**What this task involves**
Compute how many lines in the entries below contain "that", and output nothing but the number.
[Opening Given information section]
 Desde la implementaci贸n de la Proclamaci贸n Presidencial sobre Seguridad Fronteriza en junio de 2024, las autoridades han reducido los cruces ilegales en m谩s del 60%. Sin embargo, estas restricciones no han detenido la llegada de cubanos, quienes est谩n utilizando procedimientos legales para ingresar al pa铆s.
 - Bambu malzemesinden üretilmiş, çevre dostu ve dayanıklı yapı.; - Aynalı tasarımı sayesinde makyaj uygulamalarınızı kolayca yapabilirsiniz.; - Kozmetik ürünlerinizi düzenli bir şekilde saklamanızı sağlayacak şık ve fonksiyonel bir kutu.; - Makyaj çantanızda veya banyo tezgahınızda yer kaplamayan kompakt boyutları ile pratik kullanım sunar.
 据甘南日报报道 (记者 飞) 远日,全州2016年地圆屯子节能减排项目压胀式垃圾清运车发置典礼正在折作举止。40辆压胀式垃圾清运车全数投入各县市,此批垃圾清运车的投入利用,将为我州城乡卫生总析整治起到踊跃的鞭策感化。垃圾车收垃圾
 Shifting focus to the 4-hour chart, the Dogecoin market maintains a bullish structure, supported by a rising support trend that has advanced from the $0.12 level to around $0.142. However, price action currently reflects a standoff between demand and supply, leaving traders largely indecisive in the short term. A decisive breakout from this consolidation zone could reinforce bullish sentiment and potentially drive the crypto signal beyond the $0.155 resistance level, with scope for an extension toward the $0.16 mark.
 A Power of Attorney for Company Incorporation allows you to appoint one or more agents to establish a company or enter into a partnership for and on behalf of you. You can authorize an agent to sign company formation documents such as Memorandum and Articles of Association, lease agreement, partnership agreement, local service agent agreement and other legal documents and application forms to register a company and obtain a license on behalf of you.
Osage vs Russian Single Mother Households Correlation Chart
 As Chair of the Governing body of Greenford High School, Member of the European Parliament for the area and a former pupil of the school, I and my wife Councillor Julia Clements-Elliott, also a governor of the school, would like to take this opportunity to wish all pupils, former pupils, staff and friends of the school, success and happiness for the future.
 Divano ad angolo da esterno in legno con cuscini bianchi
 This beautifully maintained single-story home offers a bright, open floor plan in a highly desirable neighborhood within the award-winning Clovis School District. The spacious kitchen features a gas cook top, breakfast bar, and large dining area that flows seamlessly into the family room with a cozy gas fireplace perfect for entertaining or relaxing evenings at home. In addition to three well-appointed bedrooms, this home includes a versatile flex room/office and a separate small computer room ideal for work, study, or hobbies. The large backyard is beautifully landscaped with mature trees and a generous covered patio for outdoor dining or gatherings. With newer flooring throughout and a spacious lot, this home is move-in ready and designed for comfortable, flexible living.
[Closing Given information section]
**Exercise solution**
2